Là, tout d’un coup, la question agricole est revenue au premier plan : l’agriculture représente 5 % du produit intérieur brut (PIB) mondial. L’agriculture est donc devenue capitale, mais il va falloir construire tout le reste. Comment allons-nous faire, du point de vue de l’agriculture, pour pouvoir penser une économie qui fonctionne ? Notamment, quand on a des retours de peurs moyenâgeuses, qui en quelques mois redeviennent d’actualité, dans notre monde contemporain ? » a questionné Philippe Dessertine.
La vision change
L’économiste a assuré : « Nous sommes contents d’avoir l’agriculture que les autres n’ont pas. Beaucoup de gens envient notre agriculture. Dans les exploitations agricoles, les exploitants n’en reviennent pas du changement de regard. Ce n’est pas encore concret, mais on voit bien que la vision est en train de changer.
Il y a même, maintenant, des jeux vidéo créés par des agriculteurs. Certains gamins jouent à des jeux interactifs sur Internet ; ils sont passionnés par l’agriculture. À quel moment je vais mettre des engrais, quand faire ma récolte ? Il y avait des jeux pour faire la guerre, maintenant il y a des jeux pour faire de l’agriculture.
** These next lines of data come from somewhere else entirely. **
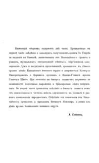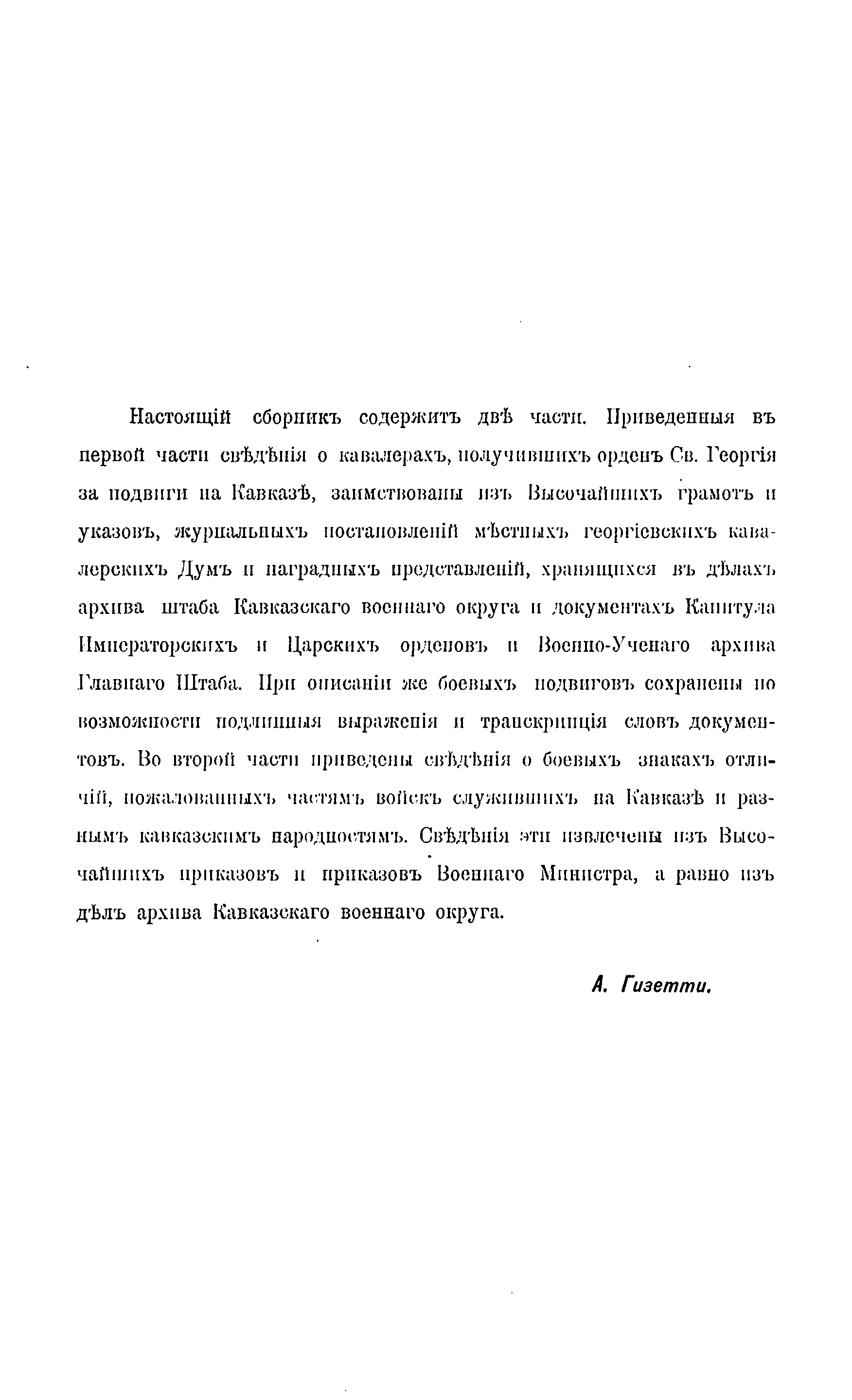 Представленное издание является органичной составной частью многолетней программы изучения боевых действий, устройства, организации и развития регулярных войск российской императорской армии на Кавказе, проводившейся военно-историческим отделом при штабе Кавказского военного округа. Ряд исследований на эту тему уже были помещены на нашем сайте. Настоящее исследование известного историка войн России на Кавказе генерал-майора в отставке А.Л. Гизетти, который в течение длительного времени занимался изучением этой темы, разделено автором на две части. Приведенные в первой части сведения о кавалерах, получивших орден Святого Георгия за воинские заслуги во время боевых действий на Кавказе, были собраны из указов Императора, постановлений георгиевских дум, журналов боевых действий, наградных представлений, находившихся среди документов архива штаба Кавказского военного округа и Военно-Ученого архива Генерального Штаба. Во второй части труда приведены данные о боевых знаках отличия, пожалованных частям российских войск, проходивших службу на Кавказе, а также вооруженным формированиям, созданным из представителей разных народов Кавказа. В книге приводятся данные о награждениях российских воинов и полководцев орденом Святого Георгия за успехи в боевой деятельности на Кавказе с момента учреждения этой высшей военной награды в 1774 г. вплоть до 1880-х гг. За более чем столетний период награждений всего было пожаловано этим высшим военным орденом 536 человек. Среди них первой и второй степенью ордена были удостоены главнокомандующие российскими войсками на Кавказе генерал-фельдмаршалы граф И.Ф. Паскевич-Эриванский и великий князь Михаил Николаевич.
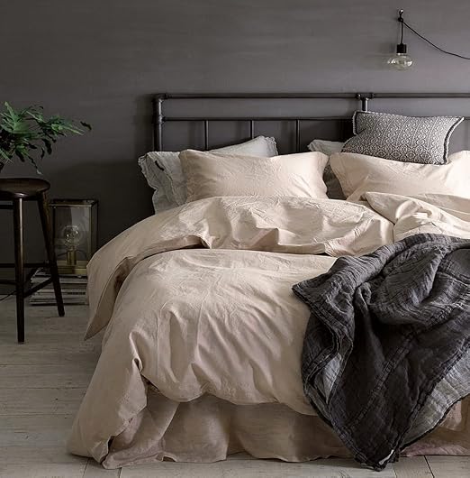 Amazon Com Eikei Washed Cotton Chambray Duvet Cover Solid Color Casual Modern Style Bedding Set Relaxed Soft Feel Natural Wrinkled Look Queen Lambskin Home Kitchen
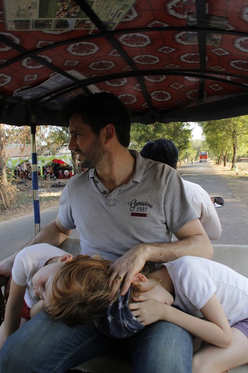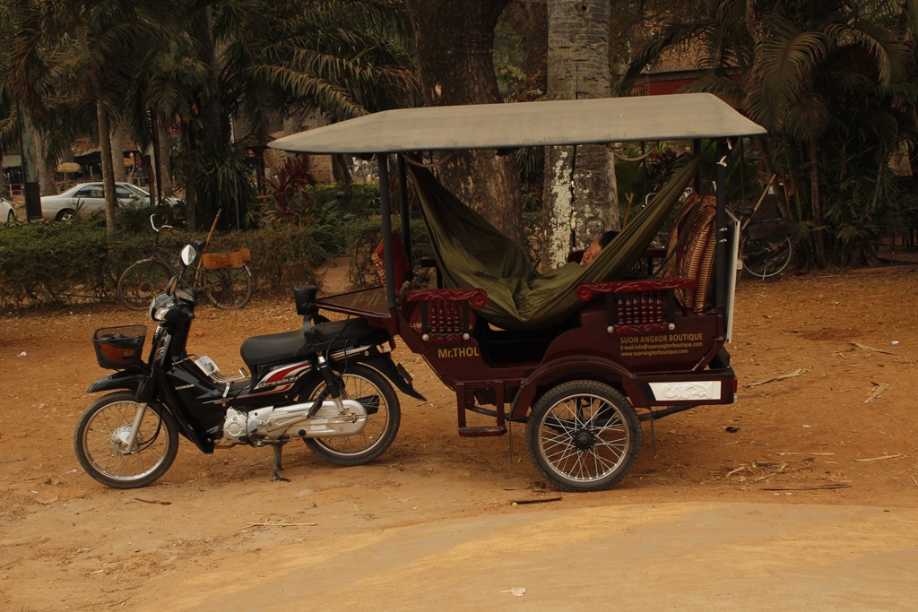 On repart pour Siem reap, l’état des troupes commençant à se dégrader…La chaleur est terrible et c’est un bol d’air frais dès que nous roulons avec le touc touc!
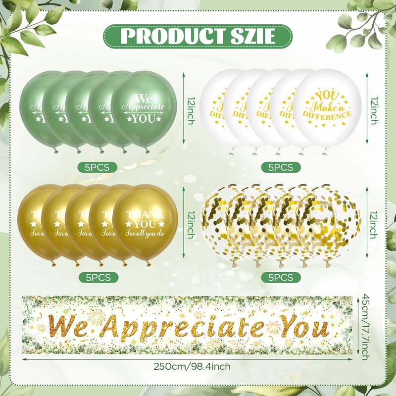 - 🎊Complete Thank You Set: This pack includes 1 large sage green we appreciate you banner measuring 98 x 18 inches and comes with 18pcs 12inch latex balloons with appreciate patterns. Elevate your gratitude with our We appreciate you banner set
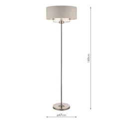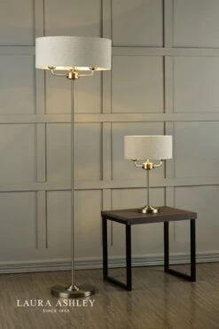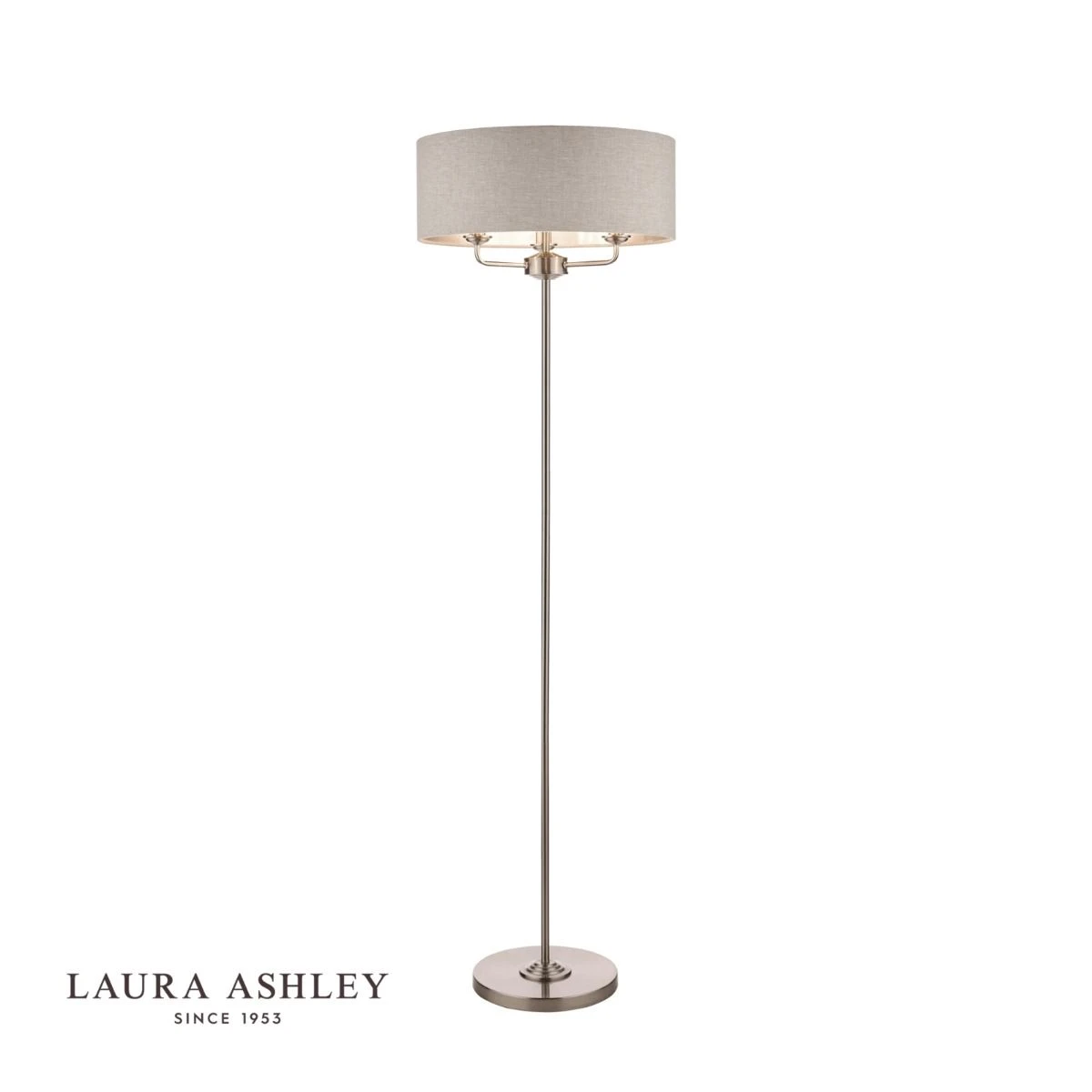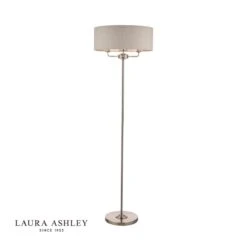 Chic and on-trend, the attractive Sorrento floor light from Laura Ashley boasts three lights on arms, all encased in a single contemporary drum shade in natural slubbed linen with a metallic silver inner. A straight stem rises up from a round, flat base with stepped, Art Deco style, detail. This triple light floor lamp comes in a velvety Satin Nickel finish, adding grown-up atmosphere to your dining or living area.

L’état d’esprit change de jour en jour. Quand on va voir les grands fonds financiers, des gens qui gèrent des milliards d’euros, et qu’on parle d’agriculture, cela les intéresse beaucoup. C’est très porteur en ce moment.
Le regard change en accéléré, c’est rentable, c’est demandé, c’est attendu d’investir dans le monde agricole. Si vous avez besoin d’être convaincu qu’il y a un avenir, allez voir les financiers et vous serez immédiatement persuadé ».
L’agriculture, un métier d’avenir
Philippe Dessertine a expliqué : « C’est un métier hyper stratégique, dans un métier où l’argent va affluer. En 2007-2008, lors de la crise financière, il y avait vraiment un souci : nous avions 80 000 milliards de dollars de PIB mondial contre 140 000 milliards de dette. Fin 2019, le souci était de plus en plus fort, nous étions à 92 000 milliards de dollars de PIB mondial contre 250 000 milliards de dette, une masse monétaire beaucoup trop importante à l’échelle mondiale. La Covid a créé de la monnaie sans créer de richesse. Aujourd’hui, on est à 92 000 milliards de dollars de PIB mondial contre 300 000 milliards de dette, typiquement dans un terrain inflationniste. L’inflation commence, donc on commence à raisonner. Ce qui auto-alimente l’inflation, c’est le fait que l’on n’investisse plus en monnaie. On va aller de plus en plus vers les valeurs refuges, comme l’or, la cryptomonnaie, la pierre, et bien sûr… la terre ! »
Philippe Dessertine a conclu sur la nécessité de penser l’agriculture de façon collective. Il a mis en exergue le rôle primordial des coopératives agricoles comme Arterris, dans la construction d’un nouveau modèle et la mise en place d’actions concrètes pour demain.